(EXTRACTED MATERIAL)
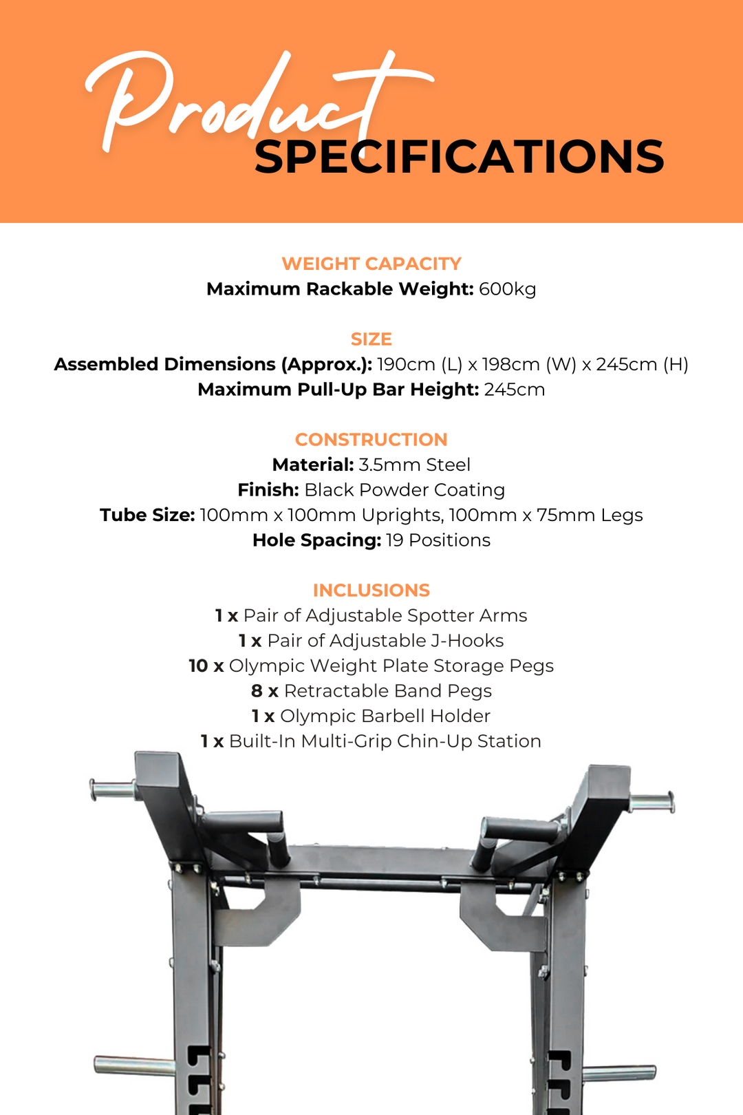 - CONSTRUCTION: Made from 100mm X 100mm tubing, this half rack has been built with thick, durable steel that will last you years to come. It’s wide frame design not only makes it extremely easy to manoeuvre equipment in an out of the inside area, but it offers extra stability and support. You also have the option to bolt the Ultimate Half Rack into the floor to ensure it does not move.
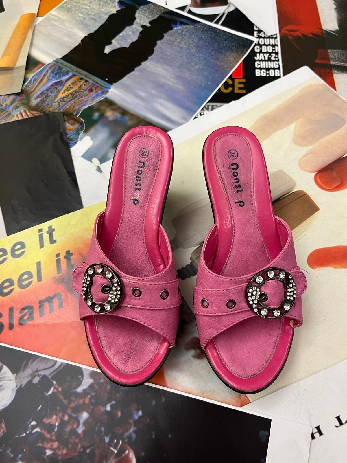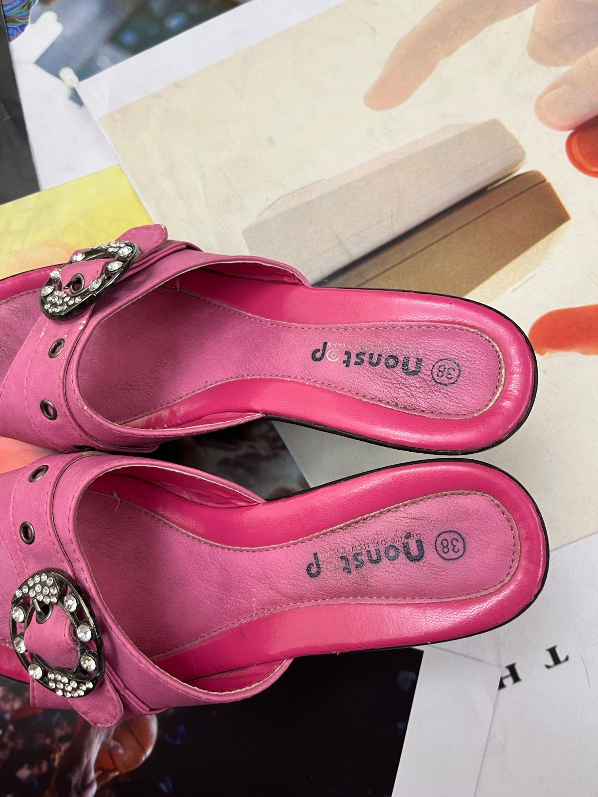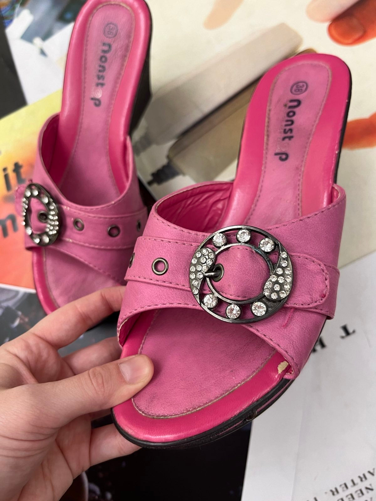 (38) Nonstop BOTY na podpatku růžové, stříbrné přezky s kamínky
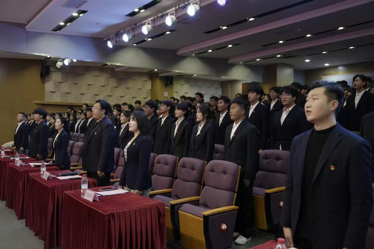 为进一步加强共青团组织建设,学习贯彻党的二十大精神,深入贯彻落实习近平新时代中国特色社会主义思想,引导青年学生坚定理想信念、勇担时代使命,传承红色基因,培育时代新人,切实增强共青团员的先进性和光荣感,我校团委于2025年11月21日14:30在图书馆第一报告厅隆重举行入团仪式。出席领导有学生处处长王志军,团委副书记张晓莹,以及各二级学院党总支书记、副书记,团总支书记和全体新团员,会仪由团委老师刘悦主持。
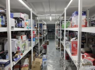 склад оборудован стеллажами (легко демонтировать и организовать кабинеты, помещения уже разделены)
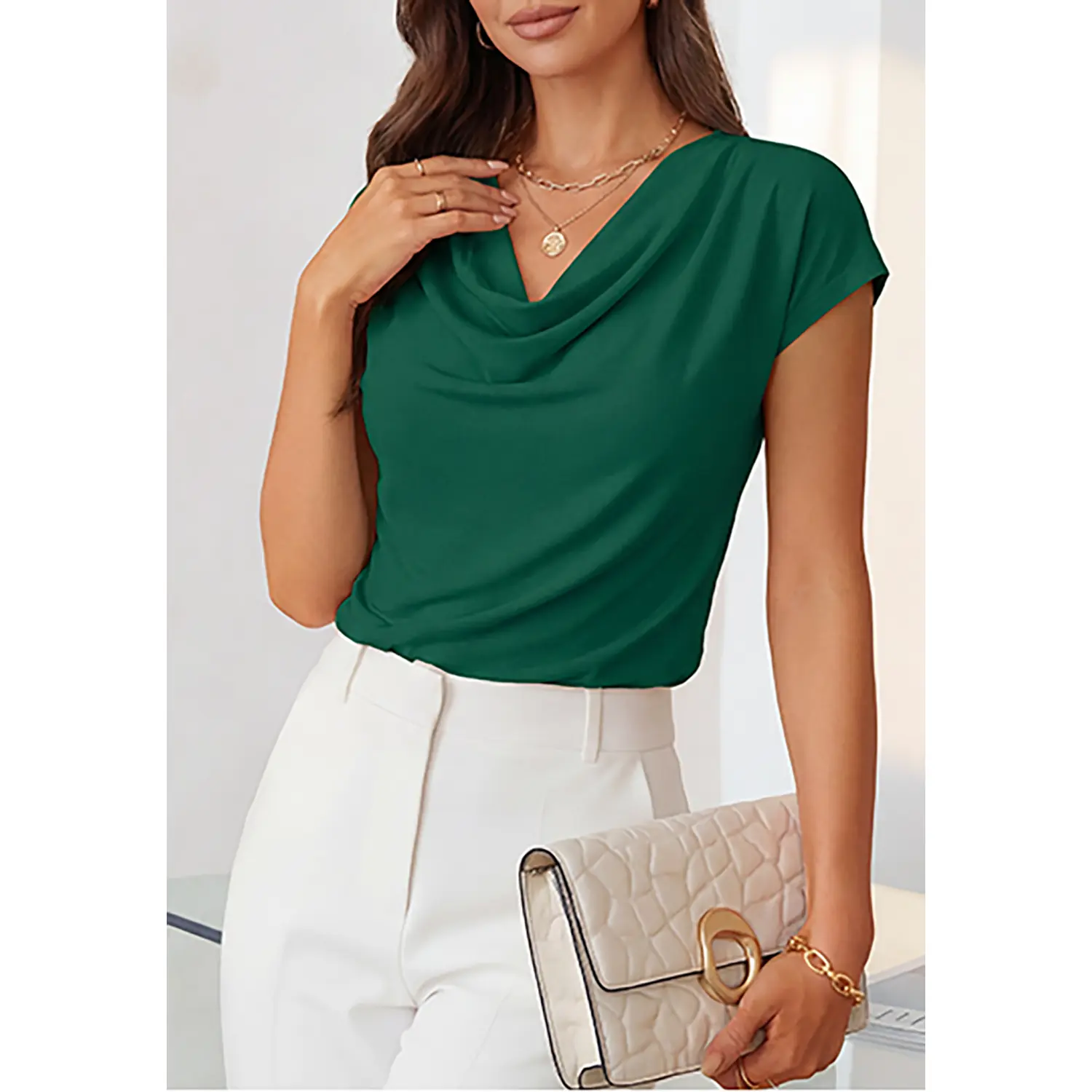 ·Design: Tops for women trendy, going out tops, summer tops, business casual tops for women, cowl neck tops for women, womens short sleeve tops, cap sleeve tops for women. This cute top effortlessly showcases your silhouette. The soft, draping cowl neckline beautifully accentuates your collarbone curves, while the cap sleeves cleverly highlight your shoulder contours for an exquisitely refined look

(AIM OF THE EXERCISE)
Please copy out the whole listing exactly as it stands, minus the pictures.

(RESPONSE FOR THIS EXERCISE)
 - CONSTRUCTION: Made from 100mm X 100mm tubing, this half rack has been built with thick, durable steel that will last you years to come. It’s wide frame design not only makes it extremely easy to manoeuvre equipment in an out of the inside area, but it offers extra stability and support. You also have the option to bolt the Ultimate Half Rack into the floor to ensure it does not move.
 (38) Nonstop BOTY na podpatku růžové, stříbrné přezky s kamínky
 为进一步加强共青团组织建设,学习贯彻党的二十大精神,深入贯彻落实习近平新时代中国特色社会主义思想,引导青年学生坚定理想信念、勇担时代使命,传承红色基因,培育时代新人,切实增强共青团员的先进性和光荣感,我校团委于2025年11月21日14:30在图书馆第一报告厅隆重举行入团仪式。出席领导有学生处处长王志军,团委副书记张晓莹,以及各二级学院党总支书记、副书记,团总支书记和全体新团员,会仪由团委老师刘悦主持。
 склад оборудован стеллажами (легко демонтировать и организовать кабинеты, помещения уже разделены)
 ·Design: Tops for women trendy, going out tops, summer tops, business casual tops for women, cowl neck tops for women, womens short sleeve tops, cap sleeve tops for women. This cute top effortlessly showcases your silhouette. The soft, draping cowl neckline beautifully accentuates your collarbone curves, while the cap sleeves cleverly highlight your shoulder contours for an exquisitely refined look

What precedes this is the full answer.